Доротея Фреде дает этому хайдеггеровскому “раскрытию” оригинальную трактовку, именуя его “археологической” концепцией истины, но я рискну предположить, что метафора Хайдеггера вдохновлена иными источниками — непосредственно она восходит к Гуссерлю, который, вероятно, заимствовал ее у Гегеля, а тот почерпнул из религии; религиозный аспект “раскрытия” явственно прослеживается в работах русских мыслителей. Если временно оставить за рамками собственно лингвистов, окажется, что за период с 60-х годов ХIX века по 30-е годы ХХ-го чуть ли не всякий русский, писавший философские работы о природе языка, подходил к языку как онтолог — то есть видел в языке проявление сущности (иными словами, понимал язык как форму, обретаемую сущностью в мире), а эта сущность часто персонифицировалась как самость или даже как божественный логос. Потебня представляет слова как подобия самости, сотворенные по образу Святой Троицы; Флоренский стремится укоренить идею “истины” в постижении божественной сущности, понимаемой в духе православного неоплатонизма (который и есть для него “Столп и утверждение истины”); в том же, по сути, направлении работают Булгаков и Лосев. Если же вернуться к лингвистам, которых мы лишь временно оставили за рамками, то, как уже было аргументированно доказано, структурная лингвистика Якобсона буквально пронизана идеями Гуссерля [6]; в другой работе я уже отмечал, что взгляд Якобсона на поэтические произведения, как видно на примере его знаменитой статьи о роли статуй в творчестве Пушкина, основан на представлениях о сущности, выражающей себя в формах, — причем представления эти восходят одновременно и к Гуссерлю, и к неоплатонизму [7].
Кстати, в этой связи — одно замечание по поводу употребления Хайдеггером греческого слова homoiosis по отношению к “пустому” пониманию истины как согласованности: то же самое слово употребляет Флоренский в своей “Антиномии языка”, подразумевая ложный взгляд на космос, согласно которому наше бытие, в лучшем случае, подобно космосу, но не сопричастно его сущности.
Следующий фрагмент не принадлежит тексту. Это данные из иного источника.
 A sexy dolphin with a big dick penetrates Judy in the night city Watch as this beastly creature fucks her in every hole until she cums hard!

Этой идее Флоренский противопоставляет свою концепцию, основанную на принципе homoousious или онтологического “соприкосновения” (Флоренский, 212), которое, в том числе, делает возможным непосредственный доступ к референтам слов, достигаемый путем мистического платоновского озарения. Когда Хайдеггер отвергает смысл, понимаемый как “всего лишь” homoiosis, он явно подразумевает под этим словом все ту же противоположность онтологической тождественности, homoousious’у. Сами эти термины родились в первые века существования христианской церкви, в спорах о природе Троицы — то есть берут свой исток в далеком прошлом европейской философии, как западной, так и восточной [8].
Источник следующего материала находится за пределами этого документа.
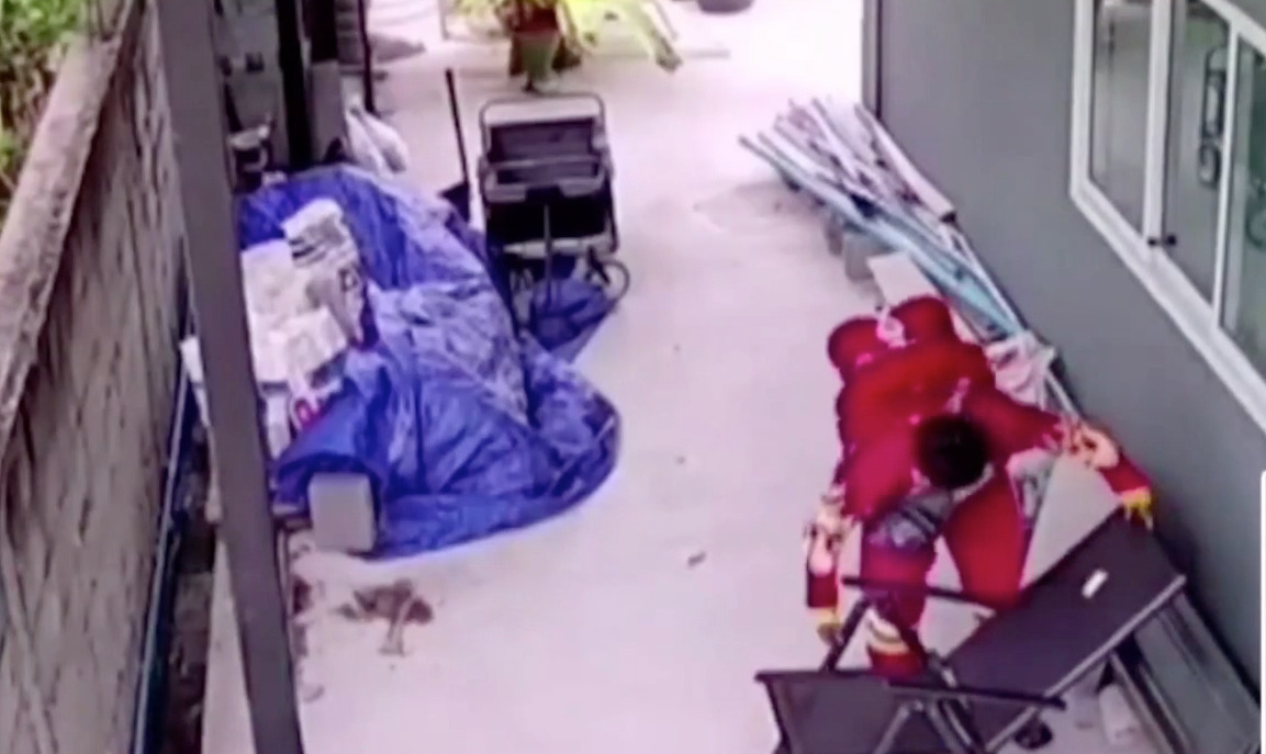 ภาพจากกล้องวงจรปิดจับภาพชาย 3 คน แต่งตัวเป็นแก๊งเชิดสิงโต โดย 2 คนแรกเดินอ้อมไปทางข้างบ้าน แล้วส่องกระจกหน้าต่างดูภายในบ้าน จากนั้นหยิบเอาเก้าอี้สนามไป 2 ตัว แล้วเอาไปซ่อนไว้ในป่า ขณะที่อีกคนกางเก้าอี้นอนหลังบ้านหลับสนิท หลังก่อเหตุก็เดินออกจากบ้านหลังดังกล่าวอย่างใจเย็น

Нечто еще более близкое к хайдеггеровскому пониманию истины как раскрытия можно найти в работах Густава Шпета. Подобно Гуссерлю, Шпет понимал задачу философии как “изначальное усмотрение сущности” (Гуссерль, “Логические исследования” 832, 862; “Идеи” 60 [9]). Это происходит в содержании умственного опыта, как только человек “выведет за скобки” “естественный мир” (субъективные психологические события вместе с чисто эмпирическим знанием о мире). Но по сравнению с Гуссерлем Шпет совершает “герменевтический поворот” от акцентирования сущности / эйдоса к более конкретному понятию “смысла” (кстати, его самая “гуссерлианская”, 1918 года, работа называется “Явление и смысл” [10]). Для Шпета сущность — это не просто объект; в ее сердцевине таится “момент осмысления”. Этот смысл сообщается нам в форме неких “выразительных структур”, сопутствующих сущности, которую он называет “значение” (“Явление и смысл”, 158). По убеждению Шпета, это единственный доступный человеку способ по-настоящему соприкоснуться с сущностью — иными словами, в той мере, в какой это нас касается (мысля хайдеггеровскими понятиями, в той мере, в какой нас это “заботит”), сущность по своей структуре подобна знаку. “Акт понимания есть раскрытие смысла в знаке” (Контекст 1989, 248). Работа, где сделано это замечание, — “Герменевтика и ее проблемы” — пропагандирует герменевтику как основополагающую философскую дисциплину [11]. Она была написана в 1918 году, за девять лет до “Бытия и времени”. Тут важна не только дата создания. Книга Шпета заставляет нас задуматься о том, сколь многим Хайдеггер обязан методологии Гуссерля. Фреде, привлекая внимание к факту влияния Гуссерля на Хайдеггера, отмечает, что ту же линию позднее продолжил Гадамер в своей работе “Истина и метод” (1960) — труде, который, безусловно, следует прочесть в сопоставлении с основанной на герменевтике философией Шпета.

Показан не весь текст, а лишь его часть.